Now scheduled for a November launch, Levine Cava said the modified plan delivers 94% of the service hours in the original plan. Some of the planned new routes have been eliminated, as have existing ones that were spared when commissioners approved the final network in October 2021.

“The BBN transforms the bus network of Miami-Dade County from one that provides a basic service to every corner of the county to one that provides more reliable and frequent service for a greater number of riders,” Levine Cava wrote.

Speedier arrivals depend in part on passengers walking farther to meet the bus.

The plan includes eliminating nearly 2,000 of the county’s 8,000 bus stops. Spokesperson Juan Mendieta said Monday that about 700 of them have already been removed in recent years, with about 1,200 left to drop once the plan goes into effect.

For Matthew Gultanoff, a Miami Beach resident, the new plan has a welcome change and one that’s expected to bring some frustration.

The non-profit executive and founder of Better Streets Miami Beach should be able to count on shorter waits for bus rides downtown, with the renamed 100 route replacing the 120 with buses arriving every eight minutes throughout the day. That’s an improvement over the current 15-minute wait outside of rush hours.

“For me and my family,” Gultanoff said, the Better Bus plan “means more options heading west to the mainland and less chances of buses being full.” But the planned reduction of frequency in the 150 bus will leave that route from Miami International Airport “less useful” for residents.

Miami-Dade County’s Better Bus Network is a massive reworking of the county’s bus routes.
Miami-Dade County’s Better Bus Network is a massive reworking of the county’s bus routes.
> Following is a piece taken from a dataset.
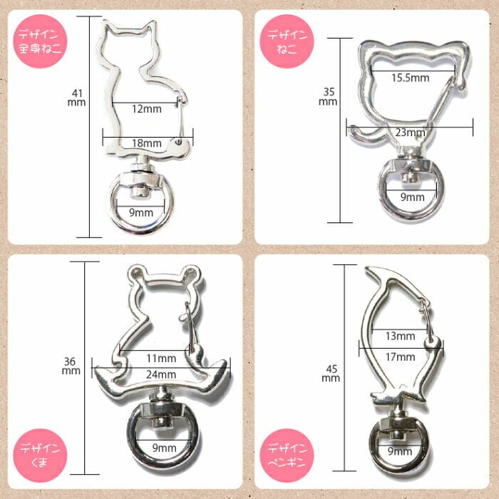 高品質 5個 ネコ 猫 キャット 三日月 ペンギン クマ ベア 熊 花 フラワー ジンベイザメ イルカ モチーフ ナスカン キーホルダー パーツ
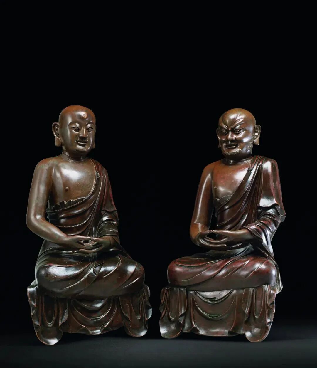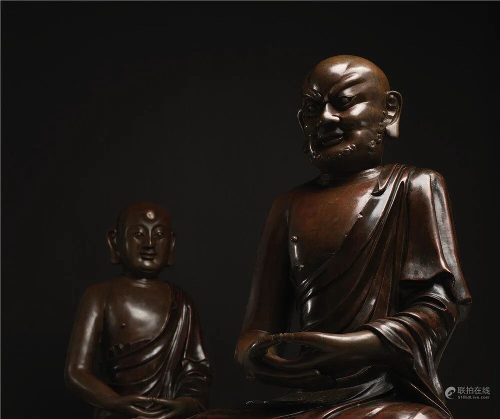 罗汉信仰虽源于古印度经典,然古印度尚未见到明确的罗汉造像,因此,罗汉信仰基本上可以视为佛教汉化过程中产生的本土信仰,而其造像艺术也发源于中国。唐永徽五年(654)玄奘译出《法住记》,此经专说十六大罗汉,罗汉信仰及其造像艺术自此于中国扎根,逐渐于晚唐/五代时期成形。宋代是罗汉信仰的鼎盛时期,由于各种关于罗汉的灵应故事透过文士名宦的记载宣扬,使得上从帝王,下至庶人,无不虔诚敬事供养。此对铜罗汉像制作精美,体型硕大,形象是两位僧人,皆着右袒的汉式僧袍,迦趺而坐,姿态闲适,气度雍容,法相庄严。

Here are some notable changes in the proposed Better Bus Network plan:

Prepare for new names: Part of the redesign involves dropping route names tied to letters. Most county bus routes already have numbers for names, and the new plan eliminates the remaining letter titles and reworks some of the numerical names, too. So the 102 B bus running between mainland Miami and Key Biscayne shifts to the 26 Bus and the 120 S on Miami Beach becomes the 100 Bus.

Some express buses on I-95 aren’t coming back: Before the pandemic, commuters looking for bus rides along I-95 had multiple options. But with working from home cutting into demand for those routes, Miami-Dade wants to pare back the options. The Better Bus plan permanently kills the already suspended Route 195 that runs from Broward County and scale back arrivals on the 95 Express running from the Golden Glades interchange from 5 minutes to 15 minutes. Tri-Rail is an alternative to the north-south bus lines, and that service should become more convenient with the planned opening of a downtown Miami station later this year.
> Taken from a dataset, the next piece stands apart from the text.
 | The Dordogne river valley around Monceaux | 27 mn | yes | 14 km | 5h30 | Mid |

Faster routes but fewer neighborhood stops: Key Biscayne passengers will see rush-hour arrivals increase from every 15 minutes to every 10 minutes under the plan. But the speedier route won’t have as many stops: The newly renamed 26 Bus drops the current run through the Harbor Drive neighborhood off the Rickenbacker Causeway. On the South Dade busway, the existing 31 Local route has more than a dozen stops between the South Dade Government Center and Dadeland South Metrorail station. It would be eliminated, and operator hours shifted to a revived 37 Express, a currently suspended route that used to run the same distance but with just four stops. Both routes are set for an early launch in July before most of the rest of the plan goes into effect this fall.
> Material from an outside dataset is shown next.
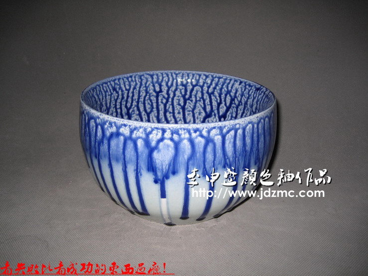 这一件树纹釉的钵,烧制温度是1310摄氏度,还原气氛。这种釉要喷的很厚重才能有着流动的效果,但是如果过厚就会出现大量过度流淌现象,十分难以掌握。这种釉不能和其他釉体搭配,我就调和的使用了一下,结果出现树纹釉的剥离现象。这个钵的失败之处:釉体过厚,钵内淤积严重。外面出现色釉玻璃的现象。

More on-demand shuttles: The Better Bus plan also scraps the 82 bus, which runs through the Westchester suburb and picks up about 60 people on an average weekday, compared to more than 5,000 riders a day on some of the county’s busiest routes. With the 82 route less than a quarter mile from other bus routes, Miami-Dade is considering offering on-demand shuttle rides through Go Connect or a competitor. That service allows passengers to use their phones to hail a van for short rides within a limited service area at the same rate ($2.25) as a bus ticket. The 241 Bus, between mainland Miami and the Mount Sinai Medical Center on Miami Beach, also ends under the plan. Existing county service on the 110 Bus across the Julia Tuttle Causeway and Miami Beach’s free trolley service are listed as substitutes.